When such a situation occurs, it may take a relatively long time to detect the subsequent frame synchronization signal FS, and the frame synchronization cannot be detected for the data frame during that time, and as a result, the data of that portion cannot be detected. There was a problem that occurred.

Further, when the state in which the frame synchronization signal cannot be detected continues and the pseudo frame synchronization detection by the above-described interpolation signal continues, there is a possibility that the actual generation timing of the frame synchronization signal cannot be detected.

[Purpose] The present invention has been made to solve the above-mentioned disadvantages of the conventional technique, and an object of the present invention is to provide a frame synchronization detection device that is resistant to bit errors, drive system rotation fluctuations, and the like.
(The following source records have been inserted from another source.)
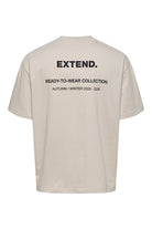• T-shirt ma nadruk z tyłu oraz małą naszywaną metkę z boku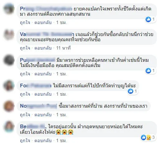 โดยจากโพสต์ดังกล่าวได้มีชาวเน็ตหลายท่านเข้ามาแสดงความคิดเห็นพร้อมทั้งบอกว่าน่าสงสารคุณยายที่ตั้งใจทำตุงมาไว้ขายช่วงเทศกาล แต่ปีนี้กลับยกเลิกสงกรานต์เพราะโรคโควิด-19 ยังไงคนที่อยู่ใกล้ๆก็สามารถไปช่วยอุดหนุนยายกันได้นะคะ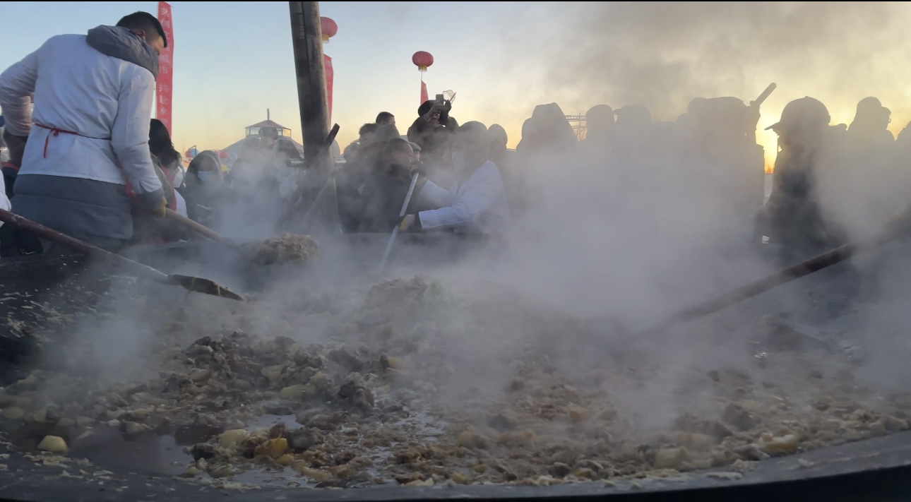 香气四溢的大铁锅猪肉烩酸菜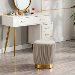 Deals ๐ฅฐ Duhome Elegant Lifestyle Round Pleated Golden Base Velvet Ottoman, Khaki ๐

Further, even if the state in which the frame synchronization signal cannot be detected continues, the frame synchronization signal that appears properly immediately after that can be surely detected.
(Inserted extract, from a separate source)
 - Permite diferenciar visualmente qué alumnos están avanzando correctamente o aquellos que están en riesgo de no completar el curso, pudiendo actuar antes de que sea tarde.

[Structure] In the present invention, as the prediction function for detecting the frame synchronization signal, the maximum detection window prediction function having the maximum detection window at the beginning of the frame detection operation is used, and after the frame synchronization signal is detected, the optimum prediction function is used. Is used to speed up frame synchronization detection. Further, since the output timing of the sync detection signal is matched between when the frame sync signal is detected at a predetermined timing and when the frame sync detection is performed by the interpolated signal, even when the frame sync signal cannot be detected continuously. Immediately after that, it is possible to reliably detect the frame synchronization signal that appears properly. Further, when the frame synchronization signal can be actually detected, the output of the interpolated signal is prohibited so that an unnecessary signal is not output.

Hereinafter, embodiments of the present invention will be described in detail with reference to the accompanying drawings.
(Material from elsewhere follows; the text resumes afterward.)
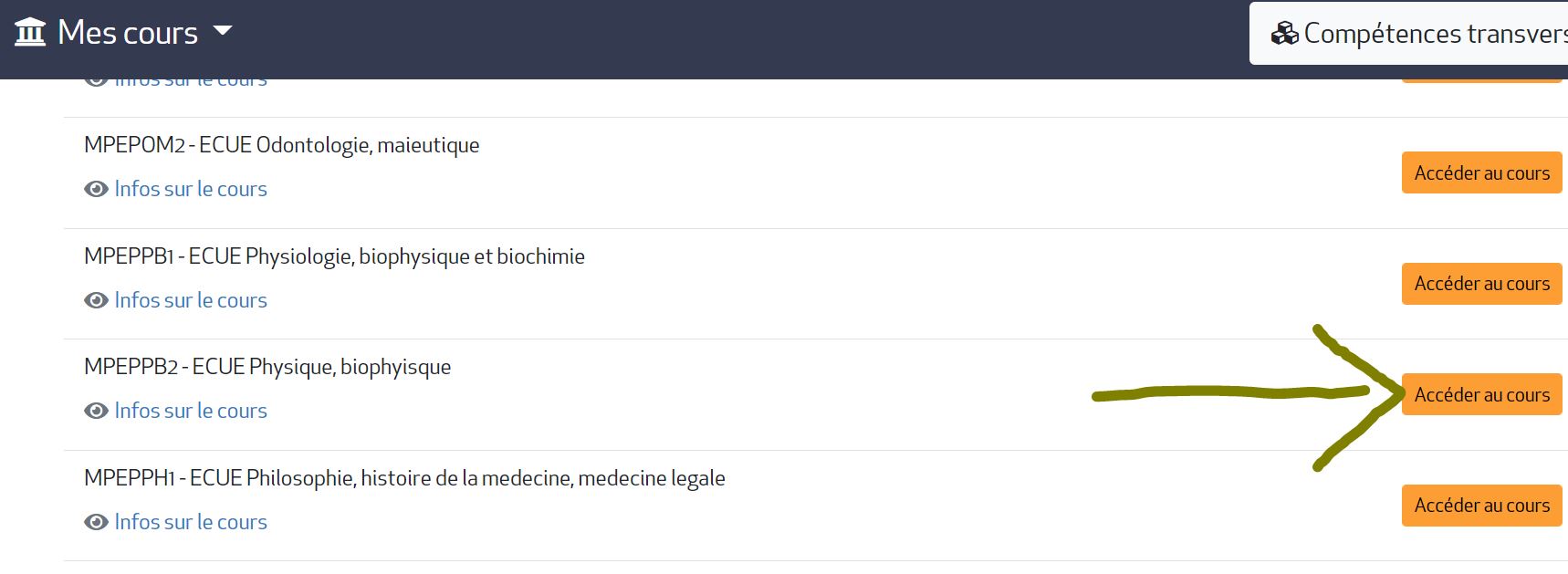 Etape 2 : Aller dans l'onglet de la meilleure matière : physique/biophysique

First, the principle of the present invention will be described.

In the present invention, as shown in FIG. 1, in the preamble PA of the data area DF, a plurality of signals in which the frame synchronization signal FS is added to the beginning of the bit synchronization signal BS having the same length as the data amount of one frame are provided. Individually arranged, the frame data area FFD is detected by detecting the frame synchronization in advance with this preamble PA.
The FD is designed to be able to reliably detect frame synchronization.

The frame synchronization signal FS is composed of a bit string having a sharp autocorrelation pattern, for example, 001100111100
(12 bits).

Then, the frame synchronization detection is performed by the method as shown in FIG.

That is, when the sector is detected, first, the mode is shifted to the search mode in which the frame synchronization signal FS is detected by using the search mode prediction function FC1 having a very large detection window width with respect to the frame synchronization signal FS.

In this search mode, the search mode prediction function FC1
When the frame sync signal FS is detected by, a sync detection pulse is output. When the frame synchronization signal FS cannot be detected, the synchronization interpolation pulse is output instead of the synchronization detection pulse at the timing synchronized with the prediction detection timing,
This process is repeated until the frame synchronization signal FS can be actually detected.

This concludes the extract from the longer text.